WORK REQUEST
Leave out the images and set down the records below exactly.

========

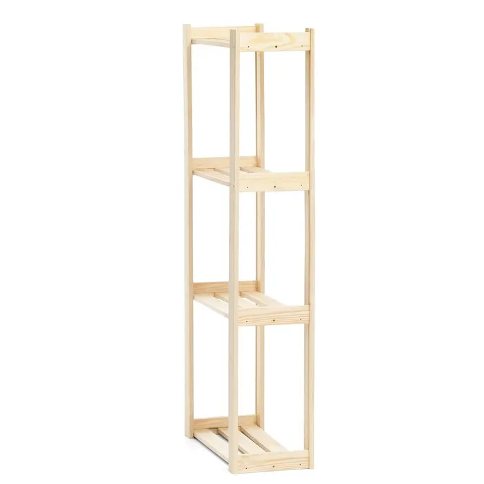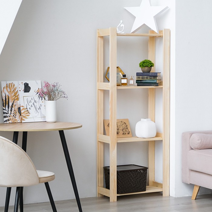Открытый компактный стеллаж, сделанный из массива хвои, самый бюджетный в нашей серии. Он станет полезной частью гостиной, спальни, детской комнаты, квартиры-студии или офисных помещений.
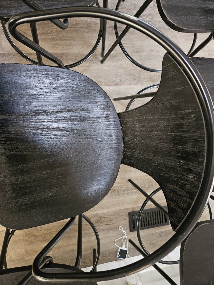 Armen 8 x black wood & metal counter-height swivel chairs. Prefer to sell all 8 together. You pick-up. CASH ONLY.
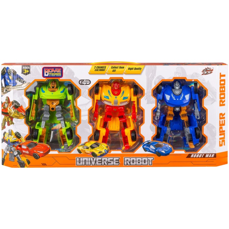 Imaginează-ți seturi cu mai multe vehicule interesante care nu numai că se pot rostogoli pe podea, dar se pot transforma și în roboți puternici, exact asta primești cu setul asortat Speed Car Transrobot Car.
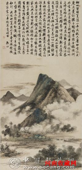虽然没有很高的学历,但启功先生很早就名满学界和书画界,在全国也堪称妇孺皆知。这从他于2004年5月8日目验于戊寅仲夏(1938)年所绘《仿米家云山图》(左图)(第53号拍品,估价500,000-600,000元)谈话记录中可见一斑:“这张画是我画的,严格说,不及格。当时由中国画学会组织的,会长是周养庵。作品在北京中山公园今雨轩展出。我的这幅画是挂在东边平房内的,这次画展还有评奖活动,我的这张画得了个所谓的三等奖。画虽然不及格,但是所临米帖未落一字,写得还算整齐吧。”所谓“不及格”,当然是作者的自谦之辞。此画虽是26岁之作,却笔墨淋漓,毫无稚嫩之气,深得米家之精髓。在对前贤画理的透彻理解和相当成熟的技法修养之外,他还成功地将其“胸襟蕴蓄”的品性发诸笔墨,境界不凡。启功先生由于教务繁忙,加上潜心学术研究,所以画作并不多。而且他的山水画多为小幅逸品,罕见大幅。此帧《仿米家云山图》是难得一见的较大尺幅的山水作品,堪称是启功山水画的代表作之一。
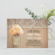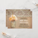 Cute Rustic repetition middag-inbjudan som ger mason burk med persikoartad orange färg hydrangea-blommar. Perfekt inbjudan för land-repetitionsmiddag med vintage snöre och tryckta träaccenter.
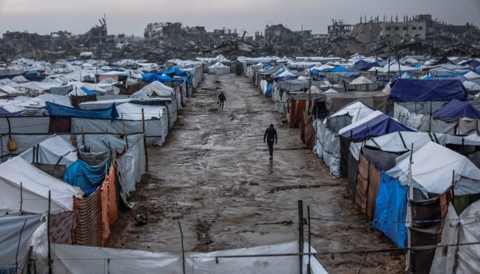 Men walk along a muddy alley at a makeshift camp sheltering displaced Palestinians after heavy rains in the Zeitoun neighbourhood of Gaza City on December 11, 2025. — AFP - Storm Byron caused the deaths of at least 14 Palestinians in Gaza after already-damaged structures gave way, leaving people exposed with nothing more than fragile tents for protection.

========

SOLUTION
Открытый компактный стеллаж, сделанный из массива хвои, самый бюджетный в нашей серии. Он станет полезной частью гостиной, спальни, детской комнаты, квартиры-студии или офисных помещений.
 Armen 8 x black wood & metal counter-height swivel chairs. Prefer to sell all 8 together. You pick-up. CASH ONLY.
 Imaginează-ți seturi cu mai multe vehicule interesante care nu numai că se pot rostogoli pe podea, dar se pot transforma și în roboți puternici, exact asta primești cu setul asortat Speed Car Transrobot Car.
虽然没有很高的学历,但启功先生很早就名满学界和书画界,在全国也堪称妇孺皆知。这从他于2004年5月8日目验于戊寅仲夏(1938)年所绘《仿米家云山图》(左图)(第53号拍品,估价500,000-600,000元)谈话记录中可见一斑:“这张画是我画的,严格说,不及格。当时由中国画学会组织的,会长是周养庵。作品在北京中山公园今雨轩展出。我的这幅画是挂在东边平房内的,这次画展还有评奖活动,我的这张画得了个所谓的三等奖。画虽然不及格,但是所临米帖未落一字,写得还算整齐吧。”所谓“不及格”,当然是作者的自谦之辞。此画虽是26岁之作,却笔墨淋漓,毫无稚嫩之气,深得米家之精髓。在对前贤画理的透彻理解和相当成熟的技法修养之外,他还成功地将其“胸襟蕴蓄”的品性发诸笔墨,境界不凡。启功先生由于教务繁忙,加上潜心学术研究,所以画作并不多。而且他的山水画多为小幅逸品,罕见大幅。此帧《仿米家云山图》是难得一见的较大尺幅的山水作品,堪称是启功山水画的代表作之一。
 Cute Rustic repetition middag-inbjudan som ger mason burk med persikoartad orange färg hydrangea-blommar. Perfekt inbjudan för land-repetitionsmiddag med vintage snöre och tryckta träaccenter.
 Men walk along a muddy alley at a makeshift camp sheltering displaced Palestinians after heavy rains in the Zeitoun neighbourhood of Gaza City on December 11, 2025. — AFP - Storm Byron caused the deaths of at least 14 Palestinians in Gaza after already-damaged structures gave way, leaving people exposed with nothing more than fragile tents for protection.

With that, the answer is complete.